Maria Irene Cimmino intervista Antonello Dinapoli

Maria Irene Cimmino: Buon giorno Antonello, vorrei che ti presentassi ai tuoi lettori, dopo la pubblicazione del tuo primo libro: Il Mercoledì delle Ceneri.
Antonello Dinapoli: Buongiorno Maria Irene, buongiorno lettori e buongiorno malcapitati del web. Mi chiamo Antonello Dinapoli anche all'anagrafe e di mestiere faccio il giornalista radiofonico. Poco è cambiato da quando ho pubblicato il mio primo romanzo (pochissimi vantaggi economici, emotivi, esistenziali o sessuali): l'unica variabile che ha subito una notevole accelerazione è l'ansia da prestazione rispetto alla scrittura della nuova opera.
MIC: Quando hai sentito la necessità di cimentarti in questa nuova sfida?
AD: Avevo un blog e sperimentavo molto dal punto di vista della scrittura. Pubblicavo quasi quotidianamente post mediamente brevi (qualche migliaio di battute) e la cosa piaceva a me e ai miei lettori. Nel 2009 ho partecipato a un concorso letterario nazionale per racconti brevi e sono arrivato primo. Ho partecipato poi, qualche mese dopo, a un altro concorso nazionale e sono arrivato ancora primo. Ho partecipato infine a un terzo concorso e sono arrivato fuori dai primi 10. Allora ho pensato, come nella roulette, che fosse meglio fermarsi per un po' con i racconti brevi. Così ho scritto il Mercoledì delle Ceneri.
MIC: Da dove hai tratto ispirazione per la stesura di un testo dall'argomento così attuale, scomodo e trattato in modo tanto dirompente quanto innovativo?
AD: Dall'attualità, come hai giustamente fatto notare tu. E dalle persone che mi stanno attorno. In particolare spesso ho pensato a come avrebbero reagito le persone con cui passo la mia vita, se portate in un contesto estremo e messe di fronte a situazioni incontrollabili. E da molte di queste riflessioni sono nati gli spunti principali contenuti nel romanzo.
MIC: Perché proprio la droga e come hai scelto personaggi così problematici?

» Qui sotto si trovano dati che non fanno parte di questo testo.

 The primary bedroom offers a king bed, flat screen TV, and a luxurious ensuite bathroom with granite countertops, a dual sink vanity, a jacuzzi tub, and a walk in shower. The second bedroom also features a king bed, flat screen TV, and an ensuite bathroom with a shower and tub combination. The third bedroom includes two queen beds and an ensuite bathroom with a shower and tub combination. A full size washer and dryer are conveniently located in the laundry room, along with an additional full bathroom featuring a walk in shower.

AD:La droga è una delle grandi livelle sociali. Taglia in maniera verticale l'universo di comportamenti umani e pone gli individui sullo stesso piano esistenziale e di relazione. Insomma, che tu sia produttore o consumatore (di droga), quando ti svegli al mattino comincia a correre.
MIC: Descrivici brevemente I protagonisti del tuo romanzo, che trovo molto ben caratterizzati da un linguaggio duro ma anche ironico e a volte sarcastico.

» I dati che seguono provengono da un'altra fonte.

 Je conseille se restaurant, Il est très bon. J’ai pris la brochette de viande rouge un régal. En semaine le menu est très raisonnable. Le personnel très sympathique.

AD: C'è un professore di lettere che arrotonda il magro stipendio da precario statale vendendo droga (e consumandola), un ragazzino ribelle con la mania dei giubbotti di pelle e della giustizia sociale, una ragazzina in sovrappeso a cui piace studiare, mangiare ed essere lasciata in pace da tutti. Poi c'è un altro ragazzino che   vuole liberare i manichini di un negozio, un avvocato massone, un autista spericolato che legge Faletti e un onesto uomo d'affari a cui piacciono i ragazzini orientali. E un cane, un cane che mangia tutto.

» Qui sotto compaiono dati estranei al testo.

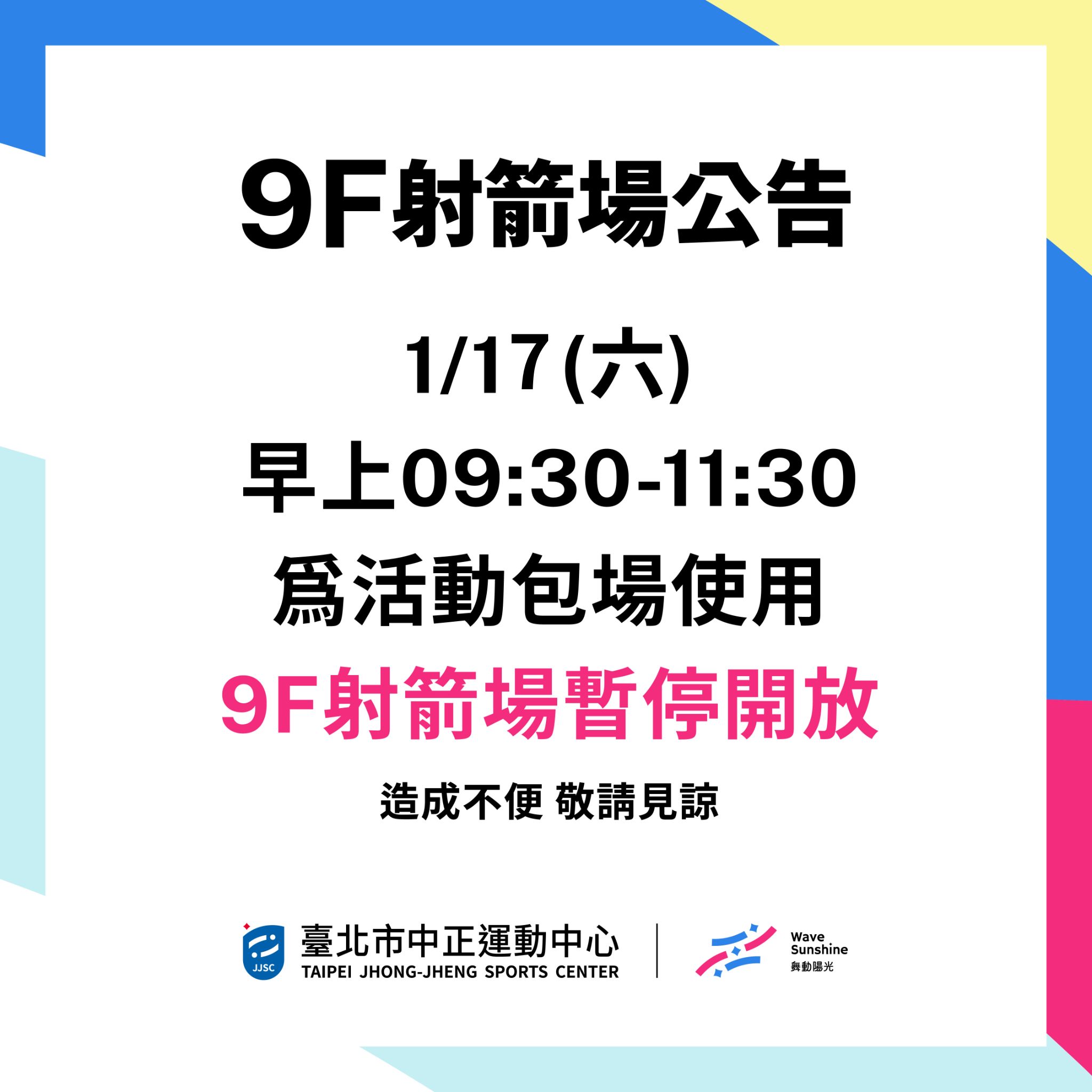 【9F 射箭場】1/12-1/18 包場時段暫停開放

MIC: Ciò che colpisce leggendo il tuo libro è il tipo di scrittura, perfettamente conseguente all'argomento, lucida e diretta. A quale autore ti sei ispirato e quali sono le letture che preferisci?
AD: Credo che senza James Ellroy, Andrea G. Pinketts e Don De Lillo sul comodino non staremmo parlando di questo romanzo.
MIC: A quale target di lettori ti rivolgi e pensi che un libro così possa costituire un modo per riflettere sulla nostra società, sui suoi mali?
AD: Mi piace pensare che il MDC possa essere letto da tutti, a vari livelli. C'è chi si è ritrovato con entusiasmo nelle avventure che coinvolgono i personaggi nella ricerca e consumo di stupefacenti e c'è chi si è fatto delle domande sulle abitudini segrete dei propri figli. E poi c'è chi si è fatto delle gran risate e chi, alla fine, un gran pianto.
MIC: Qual è il personaggio che preferisci e quello che "odi" di più?
AD: Li odio tutti e li amo. Durante i mesi della prima stesura,  sono vissuti tutti nella mia testa. Parlavano, mangiavano e dormivano con me. Una sensazione fastidiosa, ma necessaria. Quindi ho finito necessariamente per amarli.
MIC: Cosa stai scrivendo e cosa prepari per i tuoi lettori?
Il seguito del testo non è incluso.